Отец милосердия, обитающий в высотах, по великой милости Своей пусть с состраданием вспомнит Он благочестивых, прямодушных и непорочных — все общины святых, отдавших свои жизни во имя освящения Имени Его. Будет судить Он народы за великое множество убитых ими, покарает правителей могущественных государств, которые гордятся тем, что пьют из реки изобилия, протекающей по их земле.

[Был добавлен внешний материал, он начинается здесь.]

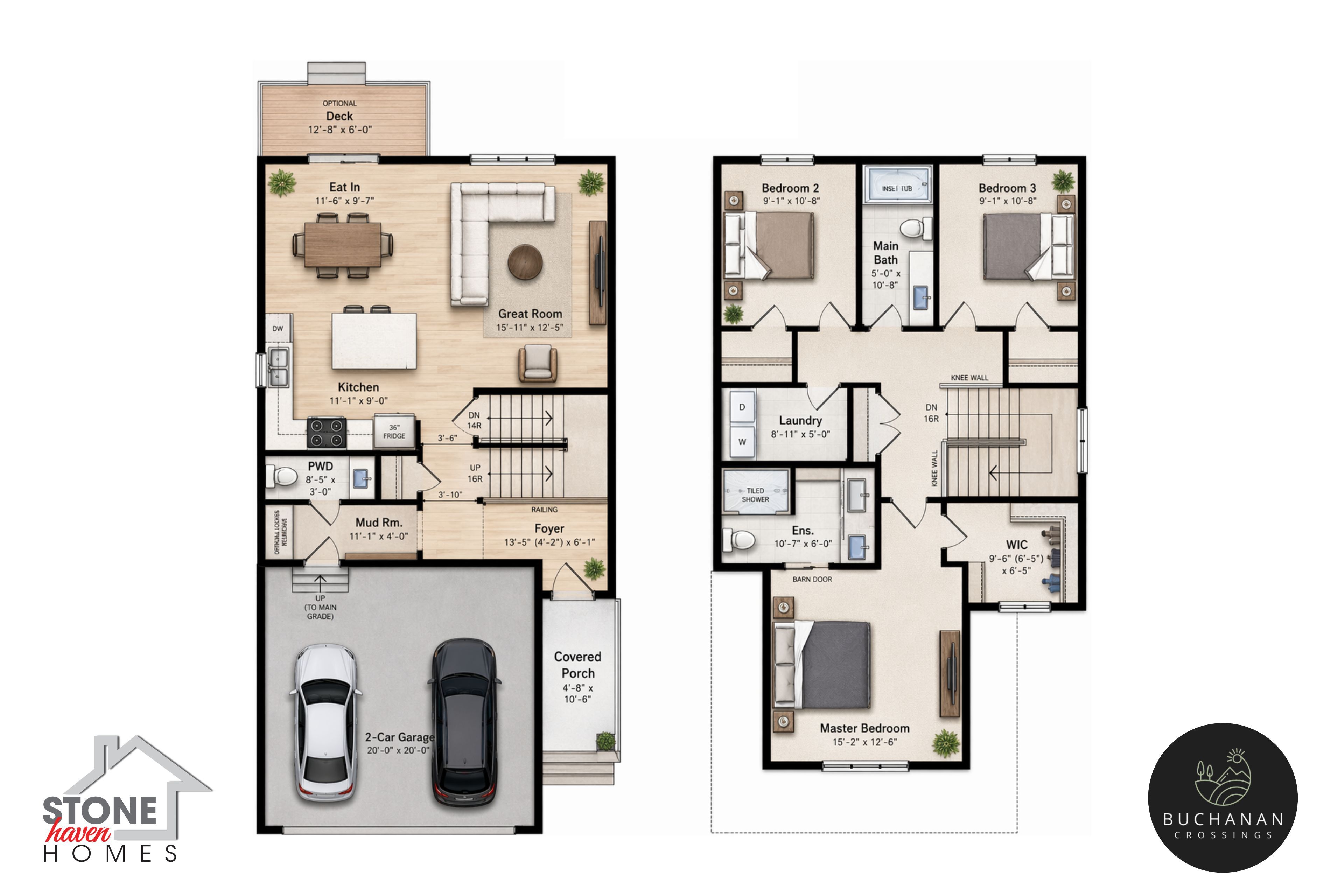 Buchanan crossings in strathroy is quickly gaining attention as one of the area's most up-and-coming communities--offering your opportunity to get in early and secure your place as it continues to grow. Introducing the harborview, a thoughtfully designed 2-storey home by trusted builder stonehaven homes. Offering 3 bedrooms, 2. 5 bathrooms, and 1,573 sq ft, this home pairs smart design with curb appeal, featuring a brick and vinyl exterior, covered front porch, and attached 2-car garage. The main floor is designed to feel open, connected, and easy to live in. The kitchen anchors the space with stainless steel appliances, a central island with breakfast bar seating, and direct sightlines into the dining and living areas--ideal for both daily routines and hosting. Sliding doors off the dining area lead to the backyard, while large windows bring in natural light throughout. A 2-piece bathroom and practical mudroom with garage access complete the level. Upstairs, the layout continues to deliver. The primary bedroom offers a walk-in closet and a private 4-piece ensuite, creating a comfortable retreat at the end of the day. Two additional bedrooms, a full 4-piece bathroom, and a dedicated laundry room keep everything right where you need it. The lower level is unfinished, giving you a blank canvas to create additional living space, a home gym, rec room, or whatever fits your lifestyle. Out back, you'll find a generous yard with room to enjoy, whether that's outdoor dining, kids at play, or space for pets--with the option to add a deck. Located just minutes from shopping, parks, schools, amenities, and strathroy middlesex general hospital, this is your opportunity to step into a well-built home by stonehaven homes in one of strathroy's newest communities. *to be built*

            Когда-то Габриэль так же молился за своё спасение. И Бог его спас, но не спас никого из его близких. И с каждым годом мужчина убеждался, что лучше бы убили и его.             — Молишься своему Богу? — рассмеялся Габриэль и подошёл к еврею с наставленным на его голову дулом пистолета, толкая пленника обратно в кресло. — Что-то он тебя совсем не любит, раз ты попал сюда, ко мне, — повторный щелчок наручников. Впрочем, Габриэль давно перестал нравиться и своему Создателю.             Несколько тонких электрических жгутов оказались в руке Габриэля, и он наклонился к лихорадочно вдыхающему воздух еврею, цепляя на головку члена и яйца электроды.             — Я больше ничего не буду спрашивать у тебя. Ты сам сделал свой выбор, и я хочу сказать, что уважаю тебя, как достойного противника, — Габриэль прошёл к маленькой электрической коробке, присаживаясь на табурет. — Чёрт, ты молчал целую неделю и даже сейчас молчишь! — воскликнул он, махнув рукой на еврея. — Но ты опасен для моего народа и поэтому я должен убить тебя.             Еврей коротко всхлипнул, отвернув голову от лица немца, отчаянно шепча дрожащими губами:             — Опаснее меня может быть только чёрная чума, что нависла над всей Европой! И вы, герр полковник, являетесь её частью, вам не скрыться от возмездия, что рухнет на ваши головы, — беспомощный стон, — моя Мирьям, моя милая Мирьям!             Да, Габриэль часто думал об этом. Ничто не может обелить убийство невинных, и мужчина ждал, когда придёт его время. Однако, как оказалось, он стал не нужен ни Чёрту, ни Богу.             Пора проводить еврея.             Пальцы покрутили колесо на пульте управления, выставляя сразу «220 Volt». Всего три секунды и страдания завершатся. Еврей даже не успел открыть рот, только непроизвольно выгнулся животом вперёд, выпучив пустые глазницы, а затем осел, будто без единой кости, склонившись безвольным телом. Сломанная кукла.             Он убил его. Как и убивал ранее.             Так чем же он отличается?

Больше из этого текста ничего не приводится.